Long multiplication, in other words, is a complicated cognitive task that, most of us, would be unable to perform in the absence of extra-organismic props and devices. According to Clark, however, if we are willing to accept that gesturing is an embodied cognitive process that we can bring to bear when problem-solving, then we may be willing to also accept that performing a complicated mathematical task by interacting with pen and paper is a cognitive process that extends beyond our brains to include the relevant external artifacts.

Within contemporary philosophy of mind and cognitive science, this has come to be known as the hypothesis of extended cognition (Clark & Chalmers 1998), with the main idea being that cognitive processing can, under appropriate conditions, literally extend to the devices we interact with. This is undoubtedly a provocative claim, but it is also one that has given rise to a burgeoning research programme in contemporary cognitive science.

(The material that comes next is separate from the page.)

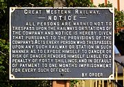 In addition to preserving the track, buildings, and of course the rolling stock, Britain's preserved railways also contain a myriad of smaller preserved artifacts. This cast iron Great Western Railway trespass notice was pictured at Toddington, on the Gloucestershire Warwickshire Railway, on 29 September 2013. |

To turn back to education, then, the question to ask is what are the implications of this hypothesis for how we structure exams? Pen and paper seem to be intricately involved in human cognition and this seems to chime with our intuitions about education. Just as with gesturing, no one would ever ask students to hand in their pen and paper before an exam, and the same may occasionally hold for calculators too. Intuitions, however, are not so clear when it comes to laptops, search engines and online encyclopedias.

So what are the types of extra-organismic processes that can reliably extend cognition and thereby knowledge? And can we really support the claim that knowledge may be occasionally extended, in the sense that the cognitive abilities generating and sustaining it can be extended, along the lines suggested by the hypothesis of extended cognition?

Recent work at the intersection of epistemology with philosophy of cognitive science indicates that this may be a viable possibility indeed (Pritchard 2010; Palermos 2014). Specifically, knowledge seems to necessitate the presence of two general conditions that can be met by both intracranially and extracranially stored information. Firstly, the relevant source of information must be objectively reliable, independently of what the relevant individual thinks about it. Second the individual must be sensitive to telltale signs of malfunctioning, or unreliability, with respect to the source of information, as well as with regard to the information itself.

We might get a batter grip of the pedagogic questions we are here dealing with by breaking down these two conditions a little further. Starting with the second one first, the idea is that the relevant (intra- or extra-organismic) resource must be integrated into the individual’s intellectual character, such that he or she can be sensitive to any relevant shortcomings. If the resource operates in an abnormal way compared to what the individual is used to take as normal functioning, then he or she must be able to spot this and respond appropriately. The reason this is important is because, in normal circumstances when nothing appears to be wrong, it allows the individual to be in a position to take his or herself to know the retrieved information by default—even if he or she has neverconsidered whether the relevant resource is in fact reliable or where its reliability comes from.

For example, just as with our visual systems, so in the case of Wikipedia we withhold judgment when something does not appear right; when, for example, the webpage looks like a hoax that is trying to phish our accounts or when the relevant entry appears to have been written offhand. In normal circumstances, however, when nothing seems wrong, we take ourselves to know the delivered information even if we know nothing about the underlying mechanisms that support the reliability of the relevant resource. Mark Dawe’s point that it’s “about understanding the tools [that students have] available and how to utilize them,” instead of knowing all sorts of facts (including facts about their tools) may turn out to be very much on the right track.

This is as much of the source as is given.